Source data
────────────────

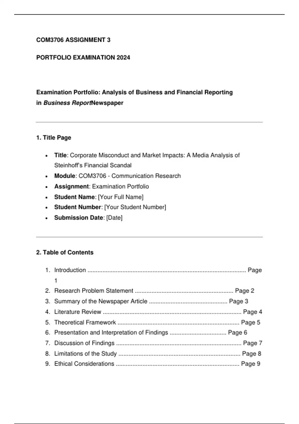Examination Portfolio: Analysis of Business and Financial Reporting
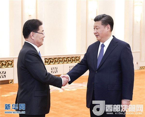 3月12日,國(guó)家主席習(xí)近平在北京人民大會(huì)堂會(huì)見韓國(guó)總統(tǒng)特使、國(guó)家安保室長(zhǎng)鄭義溶。 新華社記者 龐興雷 攝
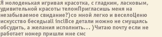 Шлюха Таня пишет о себе:
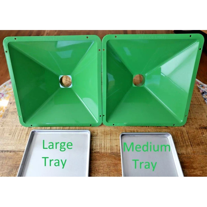 The opening of the funnel is 13"x13" allowing plenty of room for food to funnel into a container with no spills.
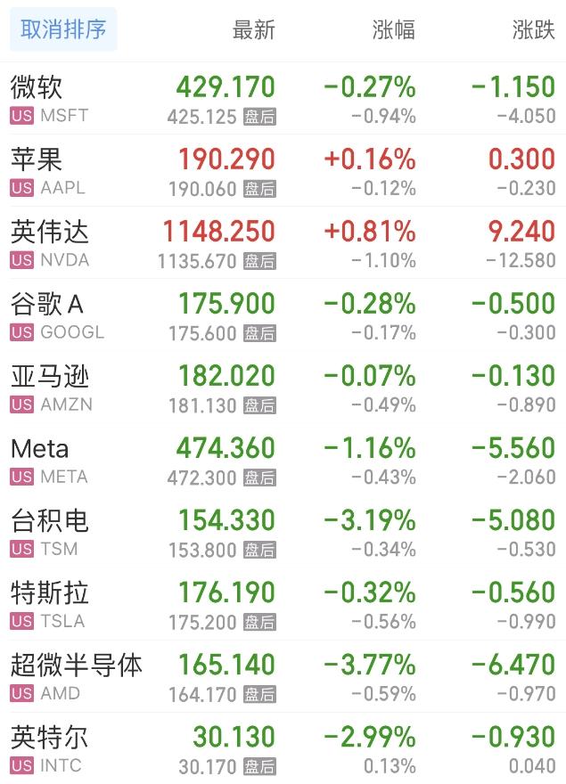 热门美股中,微软跌0.27%,苹果涨0.16%,谷歌C跌0.35%,谷歌A跌0.28%,亚马逊跌0.07%,Meta跌1.16%,台积电跌3.19%,特斯拉跌0.32%,超微半导体跌3.77%,英特尔跌2.99%。
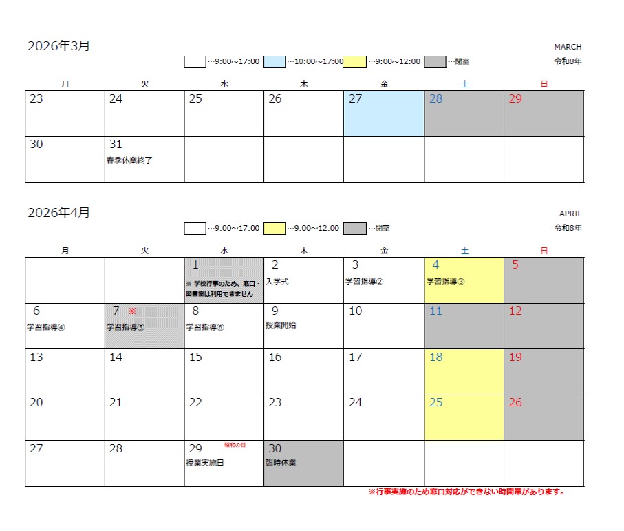 【重要】英文研究室 開室スケジュール(2026年3月下旬~4月30日まで)
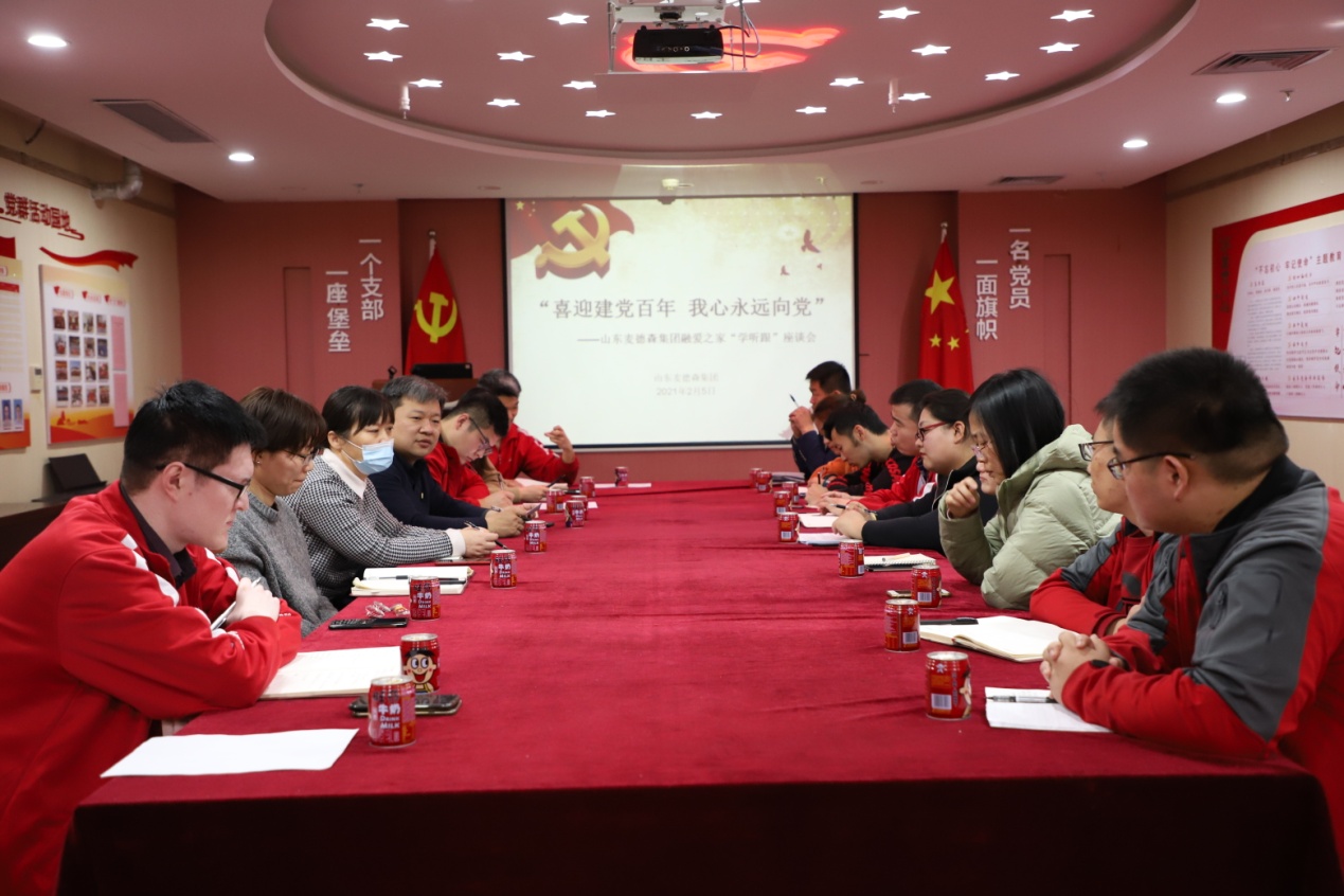 2月5日,集团“融爱之家”在总部党群活动室召开“学听跟”活动暨“喜迎建党百年、我心永远向党”座谈会。集团党支部书记王勇博士、工会主席张晶华等出席座谈会,集团部分党员和残疾职工参加座谈。
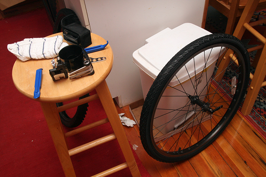 i wanted to replace the mountain bike tire on the front wheel of my trek 800 with the new one i got yesterday. i wheeled the bicycle to the back of the house so i could work on it. i was surprised when the motion-sensor lights turned on. i thought they were broken, i must've fixed it when i jiggled around the settings. parked upside down on my backyard porch, i removed in the front wheel and decided to work on it indoors.
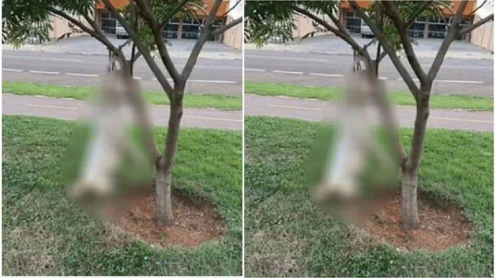 Um cachorro foi encontrado morto, enforcado e parcialmente pendurado em uma árvore na Avenida Blumenau, em Sorriso, a 420 km de Cuiabá, nesta quarta-feira (16). O animal estava amarrado com uma corda.
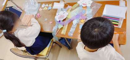 図工の学習の続きです。カラフルな雨を降らすかわいい雲が完成しつつあります。みんな、一所懸命です。
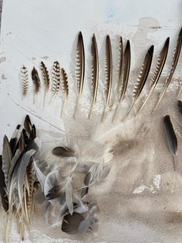 Federn, am Deich gesammelt, als die Zugvögel da waren
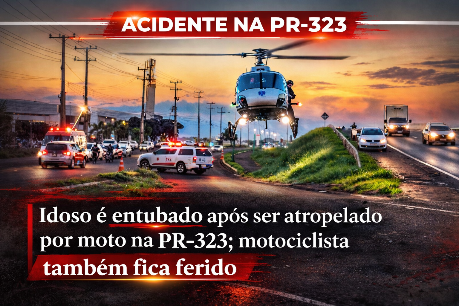 Um grave acidente foi registrado no final da tarde de quinta-feira (26), na Avenida Marechal Castelo Branco, marginal da rodovia, na região do Jardim Bela Vista I, em Paiçandu. A vítima em estado mais grave é o pedestre Mário Perpétuo de Souza, de 70 anos. De acordo com a equipe médica do Serviço de Atendimento Móvel de Urgência (SAMU), ele sofreu traumatismo craniano e precisou ser entubado ainda no local devido à gravidade dos ferimentos. Após os primeiros atendimentos, foi encaminhado ao hospital em estado gravíssimo.
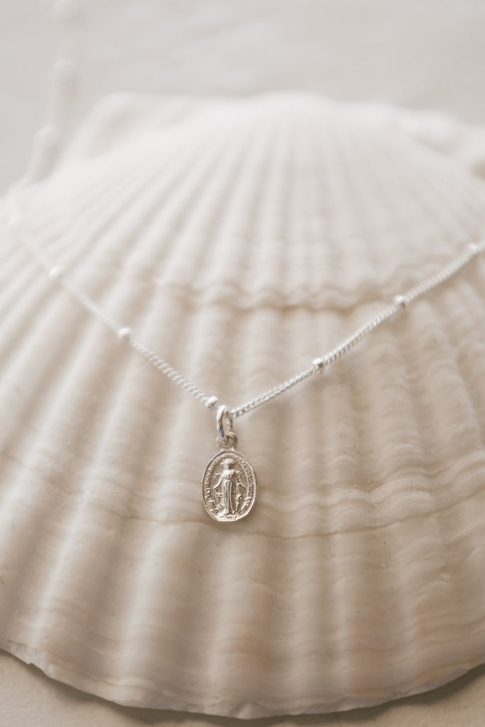 The Miraculous Medal given to St Catherine Laboure from Our Lady who promised all who wear this image will receive great graces. The front of the medal stands on a globe crushing the head of the serpent symbolizing her role as the new Eve. The back of the medal with an "M" below a cross where Mary stands firm at the foot with all of us who worship her Son, Our Lord.
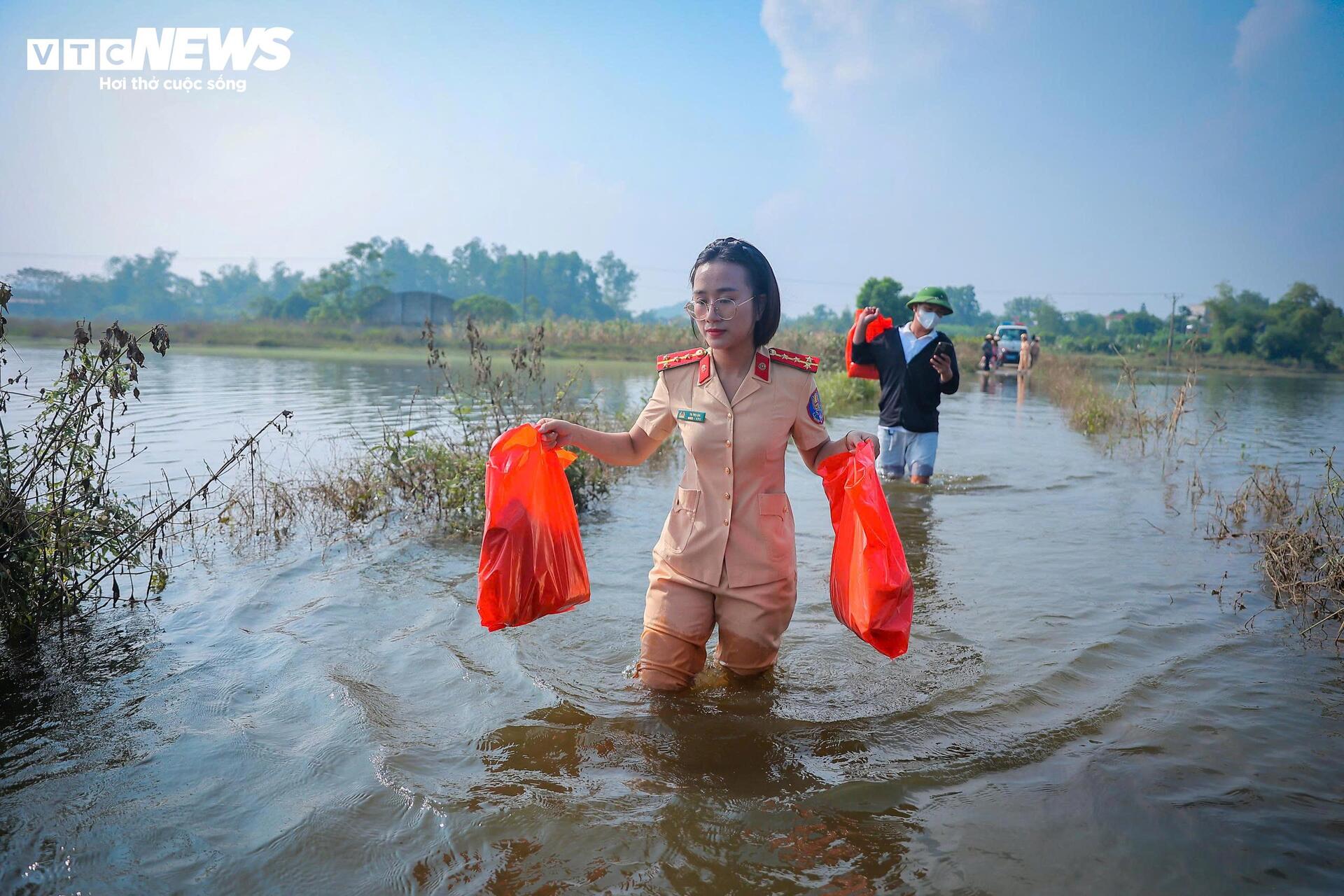 CSGT lội nước, mang quà và nhu yếu phẩm đến tận tay người dân.

────────────────

Write out the listing word for word, omitting the pictures it holds.

Completed exercise
Examination Portfolio: Analysis of Business and Financial Reporting
 3月12日,國(guó)家主席習(xí)近平在北京人民大會(huì)堂會(huì)見韓國(guó)總統(tǒng)特使、國(guó)家安保室長(zhǎng)鄭義溶。 新華社記者 龐興雷 攝
 Шлюха Таня пишет о себе:
 The opening of the funnel is 13"x13" allowing plenty of room for food to funnel into a container with no spills.
 热门美股中,微软跌0.27%,苹果涨0.16%,谷歌C跌0.35%,谷歌A跌0.28%,亚马逊跌0.07%,Meta跌1.16%,台积电跌3.19%,特斯拉跌0.32%,超微半导体跌3.77%,英特尔跌2.99%。
 【重要】英文研究室 開室スケジュール(2026年3月下旬~4月30日まで)
 2月5日,集团“融爱之家”在总部党群活动室召开“学听跟”活动暨“喜迎建党百年、我心永远向党”座谈会。集团党支部书记王勇博士、工会主席张晶华等出席座谈会,集团部分党员和残疾职工参加座谈。
 i wanted to replace the mountain bike tire on the front wheel of my trek 800 with the new one i got yesterday. i wheeled the bicycle to the back of the house so i could work on it. i was surprised when the motion-sensor lights turned on. i thought they were broken, i must've fixed it when i jiggled around the settings. parked upside down on my backyard porch, i removed in the front wheel and decided to work on it indoors.
 Um cachorro foi encontrado morto, enforcado e parcialmente pendurado em uma árvore na Avenida Blumenau, em Sorriso, a 420 km de Cuiabá, nesta quarta-feira (16). O animal estava amarrado com uma corda.
 図工の学習の続きです。カラフルな雨を降らすかわいい雲が完成しつつあります。みんな、一所懸命です。
 Federn, am Deich gesammelt, als die Zugvögel da waren
 Um grave acidente foi registrado no final da tarde de quinta-feira (26), na Avenida Marechal Castelo Branco, marginal da rodovia, na região do Jardim Bela Vista I, em Paiçandu. A vítima em estado mais grave é o pedestre Mário Perpétuo de Souza, de 70 anos. De acordo com a equipe médica do Serviço de Atendimento Móvel de Urgência (SAMU), ele sofreu traumatismo craniano e precisou ser entubado ainda no local devido à gravidade dos ferimentos. Após os primeiros atendimentos, foi encaminhado ao hospital em estado gravíssimo.
 The Miraculous Medal given to St Catherine Laboure from Our Lady who promised all who wear this image will receive great graces. The front of the medal stands on a globe crushing the head of the serpent symbolizing her role as the new Eve. The back of the medal with an "M" below a cross where Mary stands firm at the foot with all of us who worship her Son, Our Lord.
 CSGT lội nước, mang quà và nhu yếu phẩm đến tận tay người dân.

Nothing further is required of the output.